Le quinquennat des riches. En semblant délaisser la question des inégalités, Emmanuel Macron ne s'expose-t-il pas démesurément à l'image d'un président des riches qui commence à s'installer dans l'opinion ? Au contraire d'un Jacques Chirac en 1995 qui avait fait campagne sur la fracture sociale, quel est le risque pris politiquement par le président dans le contexte actuel ?

Philippe Crevel  : Le risque est réel et avéré. Une enquête du cercle de l'épargne avec l'Ifop indique que 74% des Français ont peur pour leurs retraites, pour leur future pension ; que les retraités considèrent que leur niveau de vie est en forte baisse. D'autre part, il y a une hostilité également marquée par rapport aux réformes fiscales (prélèvement forfaitaire unique et suppression de l'ISF). Donc on voit bien qu'il y a aujourd'hui l'idée que les mesures ne seraient prises qu'en faveur d'une partie de l'opinion. Ça commence à se diffuser dans l'opinion publique. Et on a un peu perdu le fil conducteur de ces réformes. Pourquoi Emmanuel Macron a-t-il fait ces réformes ? Quels sont leurs objectifs ? Là-dessus, il y a un manque de pédagogie, un manque de relais. J'y vois un problème clé aujourd'hui pour le président de la République : l'absence de réseaux locaux, un mauvais maillage territorial et au sein du gouvernement, un nombre insuffisant de voix qui pourraient porter la bonne parole. Le pouvoir est trop concentré sur le président de la République, le Premier ministre ou un ou deux ministres. On voit bien qu'Emmanuel Macron manque de relais politiques et de pouvoir faire sentir au pouvoir ce qu'il se passe sur le terrain. Et là, c'est une faiblesse dès le départ. Je ne dirais pas qu'on a un gouvernement de riches. On a surtout un gouvernement et un président représentatifs de la haute fonction publique. Donc ce sont peut-être des organisateurs de l'État, mais ils ne sont pas forcément de bons capteurs de l'opinion publique.

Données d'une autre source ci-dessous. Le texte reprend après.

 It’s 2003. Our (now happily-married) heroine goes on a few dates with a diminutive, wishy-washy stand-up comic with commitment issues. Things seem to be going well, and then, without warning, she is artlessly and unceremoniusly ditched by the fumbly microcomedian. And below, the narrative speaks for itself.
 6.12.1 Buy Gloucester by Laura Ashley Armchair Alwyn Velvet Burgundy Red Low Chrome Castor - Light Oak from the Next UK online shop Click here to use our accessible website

Erwan Le Noan : L’accusation de « quinquennat des riches » est un peu facile et à mon sens malvenue : qu’on partage ou non la vision du Président, son discours n’est pas celui-là. Ce qu’il promet, c’est de redonner du mouvement à l’ensemble de la société française – y compris les plus riches  - pour bénéficier aux plus défavorisés. La critique qui porte peut-être plus, c’est celle d’un président « des élites » et « pour » les élites.

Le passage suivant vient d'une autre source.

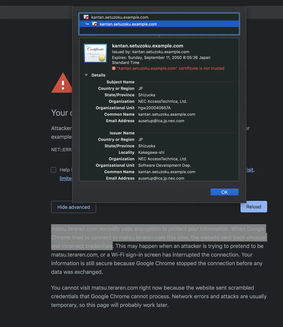 LANで公開しているサーバにアクセスしたら、TSLの証明書エラーが出ました。“kantan.setuzoku.example.com”というホスト名に対して発行された証明書が返答された模様。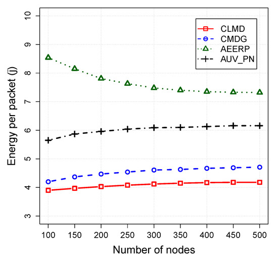 The packet delivery ratio for various network densities has been shown in Figure 4. CLMD has delivered a higher number of data packets to the destination compared to other similar schemes because of using a cross-layer design to limit the number of collisions. However, CMDG only uses a CSMA MAC protocol which is not optimal to be used in such a complex network. In the case of AUV_PN, no relay hop bound is considered to limit the number of hops between the CH and its members while it increases the chance of packet failure by transferring the packets over a longer distance. On the other hand, in AEERP, the chance of void occurrence between CH and its member increases when the network is sparse. Thus, in sparse scenarios, AEERP suffers from the lowest packet delivery ratio.

Les failles du discours du gouvernement ne sont pas que sur les « inégalités ». Elles portent sur tous les sujets qui font la « cohésion » nationale, sans laquelle la démocratie s’exerce mal : les inégalités, l’identité, le service public, etc. Le Gouvernement ne dit rien, sur aucun de ces sujets – ou quand il les aborde, c’est de façon épouvantablement technocratique alors qu’on en attend un élan politique.